> _Exercise requirements_
What you return should be the full listing, copied exactly and stripped of its pictures.

> _Provided material_
····················

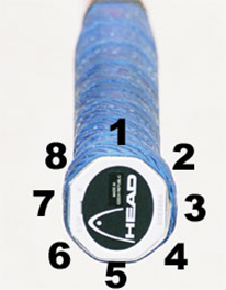 We created this new system by numbering the bevels on the racket handle, and then identifying two key points on the hand. The bevels were numbered 1 to 8. The key points on the hand were the base of the index knuckle and the center of the heel pad.
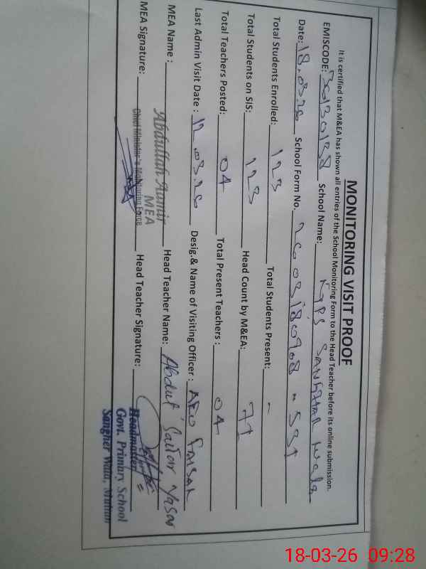 | EMIS Code: 36130138 | Name of School: GPS SANGHER WALA P/O SANGHER WALA | |||
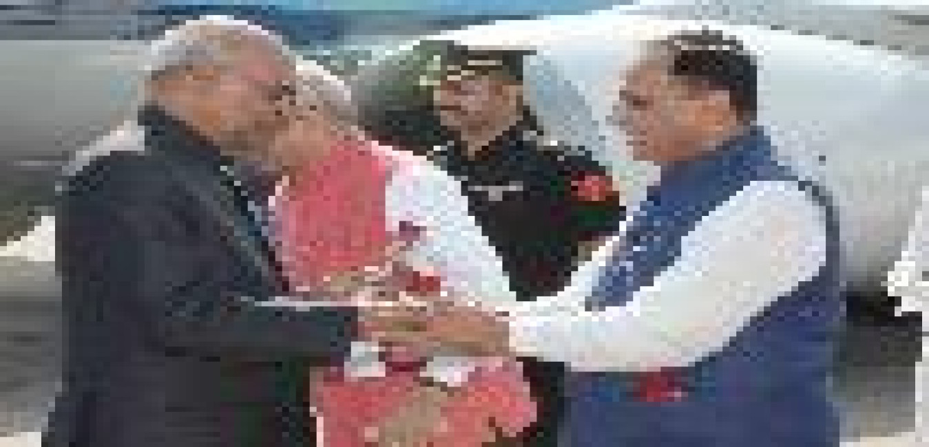 The President of India, Shri Ram Nath Kovind being received by the Governor of Madhya Pradesh, Shri Om Prakash Kohli and the Chief Minister of Madhya Pradesh, Shri Shivraj Singh Chouhan, on his arrival, at Bhopal airport, in Madhya Pradesh on November 10, 2017.

····················

> _Task result_
 We created this new system by numbering the bevels on the racket handle, and then identifying two key points on the hand. The bevels were numbered 1 to 8. The key points on the hand were the base of the index knuckle and the center of the heel pad.
 | EMIS Code: 36130138 | Name of School: GPS SANGHER WALA P/O SANGHER WALA | |||
 The President of India, Shri Ram Nath Kovind being received by the Governor of Madhya Pradesh, Shri Om Prakash Kohli and the Chief Minister of Madhya Pradesh, Shri Shivraj Singh Chouhan, on his arrival, at Bhopal airport, in Madhya Pradesh on November 10, 2017.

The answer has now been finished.